O motor do carro roncava suavemente enquanto Pedro, no banco do motorista, tamborilava os dedos no volante, lançando um olhar desconfiado para a imponente mansão à sua frente. A entrada luxuosa, com um longo caminho de pedras bem alinhadas, ladeado por jardins perfeitamente aparados, destoava completamente do veículo onde estávamos. Ele soltou um suspiro exagerado antes de se virar para mim e Teri.
— Meu carro parece um sobrevivente da guerra sendo jogado no meio de um desfile da Fórmula 1. — Pedro resmungou, analisando a frota de carros importados estacionados logo à frente.
Teri riu, apoiando o cotovelo na janela aberta.
— Se a Ayla estiver certa, logo, logo, você vai poder trocar esse ferro-velho por algo que combine melhor com seu novo status de empresário de sucesso.
Ele bufou, fingindo descrença.
— Ainda não sei como você me convenceu a largar meu emprego seguro na boate pra seguir os devaneios de uma maluca.
— Tem razão, sabe... — Teri arqueou a sobrancelha e apontou para mim. — Não sei como essa aí me convenceu a fazer o mesmo.
Ri baixinho e apoiei as mãos no painel, observando a mansão enquanto assimilava que aquele momento era mais um passo rumo ao meu plano. Então, olhei para Pedro e sorri de canto.

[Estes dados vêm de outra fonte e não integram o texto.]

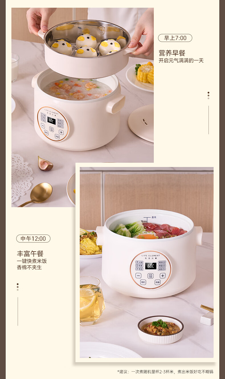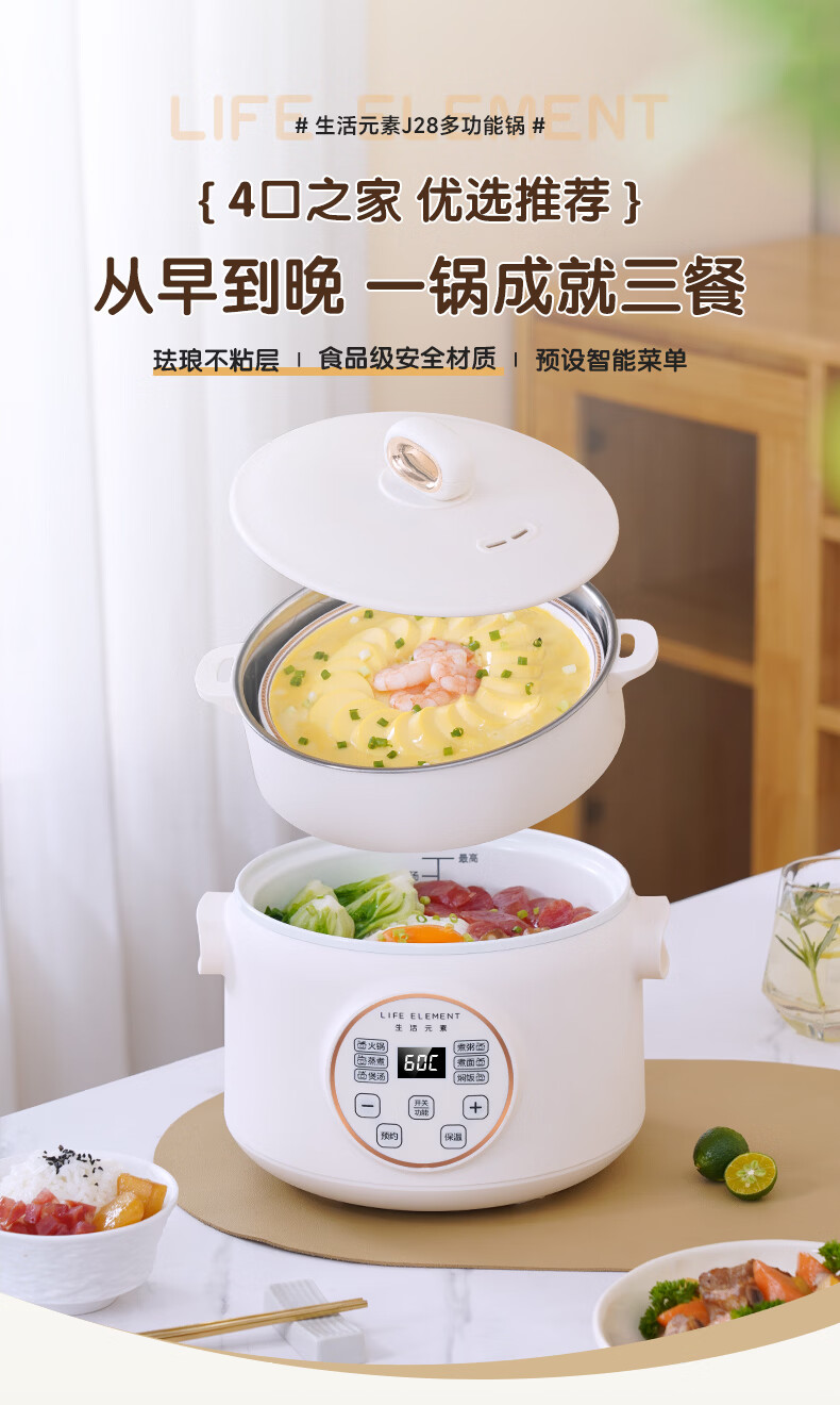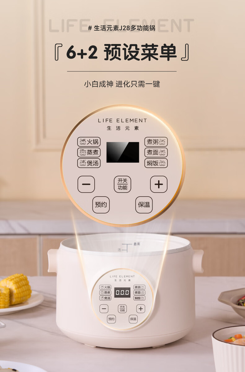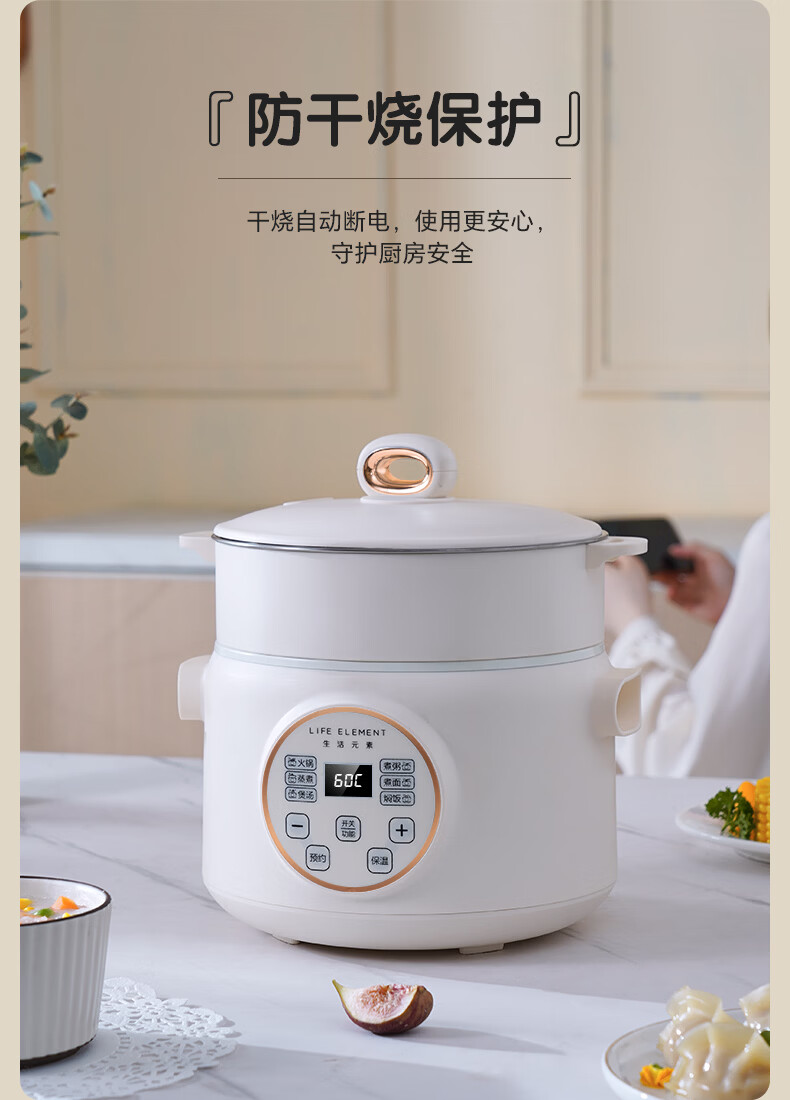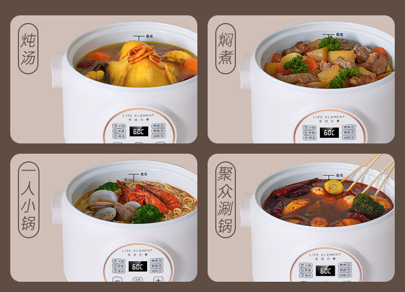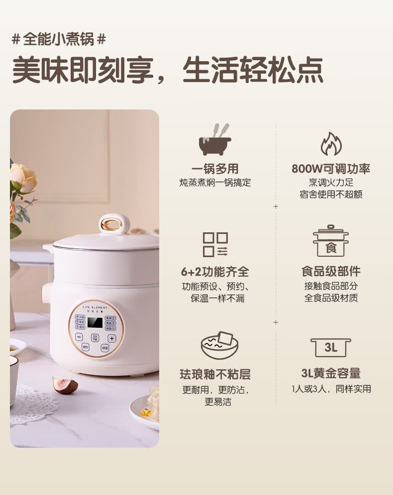 生活元素(LIFE ELEMENT)多功能锅 可涮/煮/炖 6大功能触控 定时/预约 800W大功率 3L容量 适合2-4人 小煮锅电饭煲-J28

— Você foi convencido rapidinho quando eu falei que seu time ia ser eliminado da Libertadores na fase de grupos. — Provoquei, e ele me lançou um olhar indignado.
Eu lembrava disso porque Pedro torcia para o mesmo time que Miguel.
— Isso é golpe baixo. — Resmungou, cruzando os braços. — Mas, pelo menos, ainda é ano de Copa do Mundo. Dá tempo de reverter qualquer coisa.
Suspirei e sacudi a cabeça lentamente.
— Não devia ficar tão animado.
Ele franziu a testa.
— O Brasil perde?
Confirmei com a cabeça lentamente.
— Pior. A Argentina ganha.
O silêncio preencheu o carro por um instante antes que Pedro soltasse um grunhido frustrado.
— Tá de sacanagem comigo, né?
Deixei que ele absorvesse a informação por alguns segundos e, sem responder, soltei o cinto e saí do carro, tentando esconder meu sorriso.
Enquanto caminhava em direção à entrada da casa, minha mente foi tomada por um turbilhão de emoções. Eu sabia que estava ali para encontrar Sofia e conversar sobre a possibilidade de matricular Amélie e Mia nas minhas aulas de balé. Teri tinha arquitetado um encontro não tão casual com Sofia algumas semanas antes, criando uma conexão que tornou essa reunião possível.
Mas, no fundo, eu sabia o que aquela visita realmente significava.
Era minha porta de entrada para a vida de Nicolas novamente.
O pensamento fez meu coração acelerar. Será que eu conseguiria vê-lo? Conversar com ele? Mesmo que fosse pouco, só de estar ali, tão perto, me deixava ansiosa.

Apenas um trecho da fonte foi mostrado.